We could learn a lesson. Does not God invite us to bring our cares to Him—big or little? If it is a care to us, it is a care to Him (1 Pet. 5:7). Cast those cares on the Lord without worrying what they are or what others may think. Jesus said we needed to receive the Kingdom with the faith of a child (Mark 10:15); surely, we should pray with the same faith.
Listen to a teenager pray, and you will hear freshness. Some of the most encouraging moments I have had in prayer have been spent with young people. A teen is beginning to awaken to the needs and sorrows of the world, and when that teen loves the Lord, he will carry that burden to the Lord with as much sincerity (and sometimes more) than an adult. They are genuine, unlike some adults who try to sound spiritual in their prayers. They are fresh, unlike some adults who have developed repetitive phrases and pet clichés in their prayers. We could all use a dose of their freshness.
Listen to an adult pray, and you will hear maturity. Clearly, they are familiar with the “prayer language” of the church, and they “know” what requests to ask for in a prayer meeting. While such maturity can be a hindrance to the simple faith that God desires of us or the fresh appeal of the soul, maturity is not bad. After all, maturity often is gained through the hard experiences of life. Therefore, the adult knows the depth of pain and the seriousness of certain difficulties in a way that a child or teenager could never know.
The knowledge that we gain through maturity affects our prayers. It should make us consider the deeper needs of life. For example, the spiritually minded adult knows that although healing from disease is good and worthy of prayer, spiritual healing is better. Allow the maturity that you have gained through life inform your prayers. In other words, consider the deeper needs as well as what is on the surface when you pray. The Lord desires to meet these needs, too. Consider the hidden pains of others, and pray with more empathy.

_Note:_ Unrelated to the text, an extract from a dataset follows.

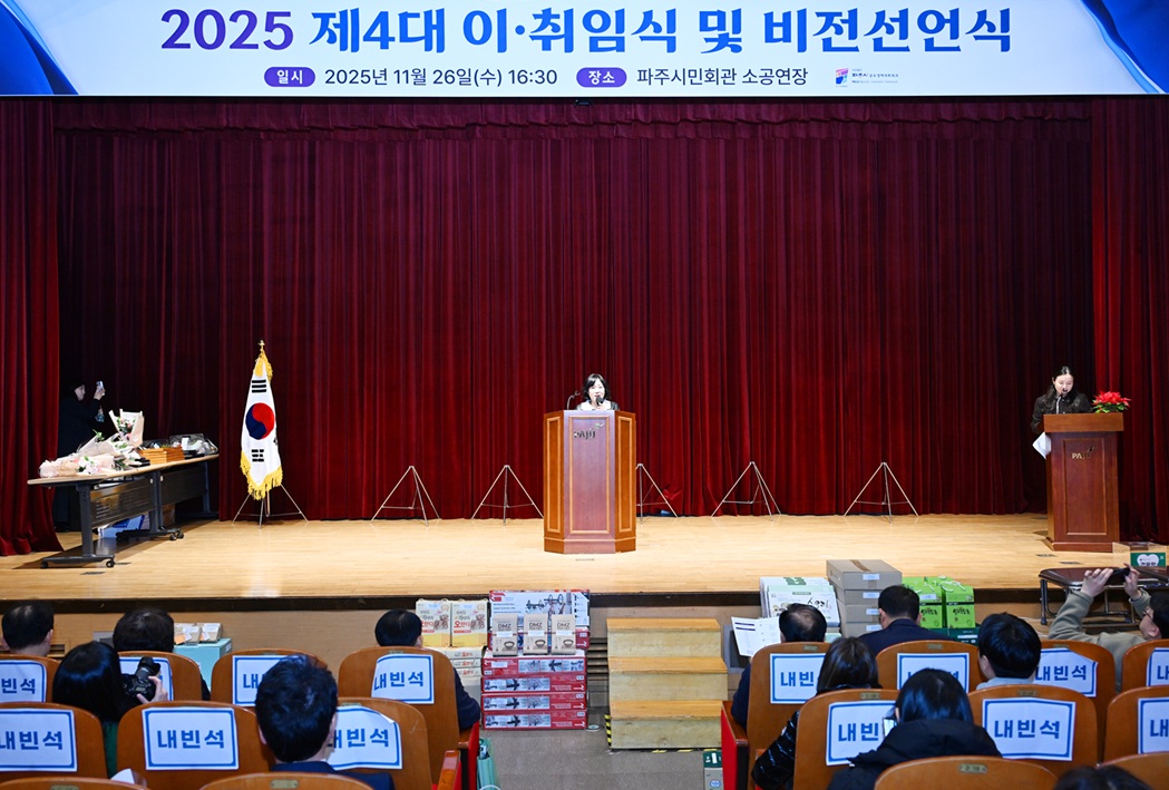 윤경자 ㈔파주시공유경제네트워크 전임 이사장은 이임사를 통해 “많은 분들의 동행 덕분에 공유경제네트워크가 꾸준히 성장할 수 있었다”라며 감사의 뜻을 전하고, “앞으로도 공유경제네트워크가 지역사회에서 역할과 기반을 더욱 단단히 다져가길 바란다”라고 전했다. 이어 협회기 이양이 진행되며 제4대 임원진의 출범이 공식화됐다.

Listen to an elderly saint pray, and you will see God. By far, the greatest prayers I have heard are not the ones that are eloquent but the ones that have ushered me into the presence of God. Those who have walked with God for years, have talked with God daily, and have had their lives saturated with His Word, are those who know how to pray. Their prayers are filled with God’s thoughts because they have allowed God’s Spirit to work His Word deeply into their souls. Their prayers are submissive to God and His will.
We ought to make these saints our primary teachers when it comes to prayer because they know that prayer is not simply about getting petitions answered but about communing with the God of Heaven. Learn to pray as they do—from a heart fully devoted to and in constant love with God. The words of Charles Spurgeon apply here: “A little faith will bring your soul to heaven; a great faith will bring heaven to your soul.”